Loi n° 89-486 du 10 juillet 1989

Modifiée par les lois n° 90-587 du 4 juillet 1990, n° 91-1285 du 21 décembre 1991, n° 92-675 du 17 juillet 1992, n° 92-678 du 20 juillet 1992, n° 93-935 du 22 juillet 1993, n° 93-1313 du 20 décembre 1993, n° 94-665 du 4 août 1994, n° 95-836 du 13 juillet 1995 et n° 98-657 du 29 juillet 1998

Cette loi, modifiée telle qu'elle est présentée ici, a été ensuite de fait abrogée par l'ordonnance n° 2000-549 du 15 juin 2000, qui lui substitue les dispositions correspondantes du Code de l'éducation, hormis pour deux passages obsolètes

J.O. du 14 juillet 1989
B.O. spécial n° 4 du 31 août 1989

 

Sommaire

Préambule

Article :  1

Titre I : La vie scolaire et universitaire

Chapitre I : Le droit à l'éducation

Articles :   2   3  

Chapitre II : L'organisation de la scolarité

Articles :   4   5   6   7   7 bis   7 ter   8   9  

Chapitre III : Droits et obligations

Articles :   10   10 bis   11   12   13  

Titre II : Les personnels

Articles :   14   15   16   17  

Titre III : Les établissements d'enseignement

Articles :   18   18 bis   19   20   21   21bis  

Titre IV : Les organismes consultatifs

Articles :   22   23   24  

Titre V : L'évaluation du système éducatif

Articles :   25   26   27  

Titre VI : Dispositions diverses

Articles :   28   29   30   31   32   33   34   35   36  

Préambule

L'Assemblée nationale et le Sénat ont délibéré,

L'Assemblée nationale a adopté,

Le Président de la République promulgue la loi dont la teneur suit :



Article premier

(Modifié par les lois n° 94-665 du 4 août 1994 et n° 98-657 du 29 juillet 1998)

L'éducation est la première priorité nationale.
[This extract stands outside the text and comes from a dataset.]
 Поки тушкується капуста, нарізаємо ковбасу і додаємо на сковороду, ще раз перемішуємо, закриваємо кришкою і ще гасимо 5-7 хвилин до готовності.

Le service public de l'éducation est conçu et organisé en fonction des élèves et des étudiants. Il contribue à l'égalité des chances.

Le droit à l'éducation est garanti à chacun afin de lui permettre de développer sa personnalité, d'élever son niveau de formation initiale et continue, de s'insérer dans la vie sociale et professionnelle, d'exercer sa citoyenneté.

Pour garantir ce droit, la répartition des moyens du service public de l'éducation tient compte des différences de situations objectives, notamment en matière économique et sociale.

Elle a pour objet de renforcer l'encadrement des élèves dans les écoles et établissements d'enseignement situés dans des zones d'environnement social défavorisé et des zones d'habitat dispersé, et de permettre de façon générale aux élèves en difficulté de bénéficier d'actions de soutien individualisé.

La maîtrise de la langue française et la connaissance de deux autres langues font partie des objectifs fondamentaux de l'enseignement.

L'acquisition d'une culture générale et d'une qualification reconnue est assurée à tous les jeunes, quelle que soit leur origine sociale, culturelle ou géographique. L'intégration scolaire des jeunes handicapés est favorisée. Les établissements et services de soins et de santé y participent.

Les écoles, les collèges, les lycées et les établissements d'enseignement supérieur sont chargés de transmettre et de faire acquérir connaissances et méthodes de travail. Ils contribuent à favoriser l'égalité entre les hommes et les femmes. Ils assurent une formation à la connaissance et au respect des droits de la personne ainsi qu'à la compréhension des situations concrètes qui y portent atteinte. Ils dispensent une formation adaptée dans ses contenus et ses méthodes aux évolutions économiques, technologiques, sociales et culturelles du pays et de son environnement européen et international. Cette formation peut comprendre un enseignement, à tous les niveaux, de langues et cultures régionales. Les enseignements artistiques ainsi que l'éducation physique et sportive concourent directement à la formation de tous les élèves. Dans l'enseignement supérieur, des activités physiques et sportives sont proposées aux étudiants.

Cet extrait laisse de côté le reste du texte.